In 2010, the impairment
charges of $2.2 billion include (i) approximately $950 million
of IPR&D assets, primarily Prevnar 13/Prevenar 13 Adult, a
compound for the prevention of pneumococcal disease in adults age
50 and older, and Neratinib, a compound for the treatment of breast
cancer; (ii) approximately $700 million of indefinite-lived
Brands, related to Third Age, infant formulas for the first 12-36
months of age, and Robitussin, a cough suppressant; and
(iii) approximately $550 million of Developed Technology
Rights, primarily Thelin, a product that treated pulmonary
hypertension, and Protonix, a product that treats erosive
gastroesophageal reflux disease. These impairment charges, most of
which occurred in the third quarter of 2010, reflect, among other
things, the following: for IPR&D assets, the impact of changes
to the development programs, the projected development and
regulatory timeframes and the risk associated with these assets;
for Brand assets, the current competitive environment and planned
investment support; and, for Developed Technology Rights, in the
case of Thelin, we voluntarily withdrew the product in regions
where it was approved and discontinued all clinical studies
worldwide, and for the others, an increased competitive
environment.

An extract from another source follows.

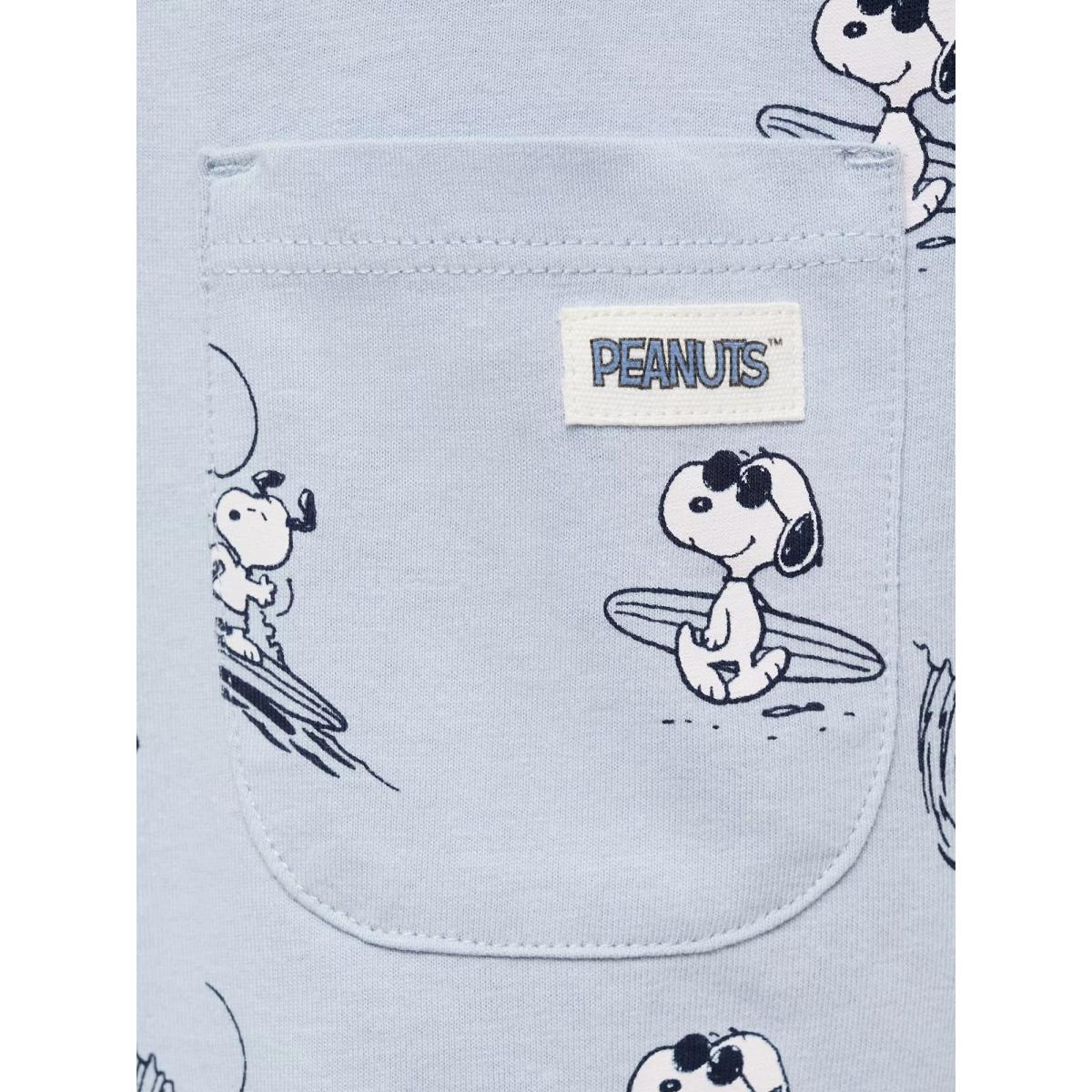Mango Baby Cotton Short Sleeved Snoopy Print Bodysuit, Medium Blue

The impairment charges are generally associated with
the following: Specialty Care ($708 million); Oncology ($396
million); Nutrition ($385 million); Consumer Healthcare ($292
million); Established Products ($182 million); Primary Care ($145
million); Worldwide Research and Development ($54 million); and
other ($13 million).
In 2009, the impairment
charge of $417 million primarily relates to certain materials used
in our research and development activities that were no longer
considered recoverable.
| (e) |
Represents a gain related to ViiV, an equity method investment,
which is focused solely on research, development and
commercialization of HIV medicines (see Note 2F. Acquisitions,
Divestitures, Collaborative Arrangements and Equity-Method
Investments: Equity-Method Investments).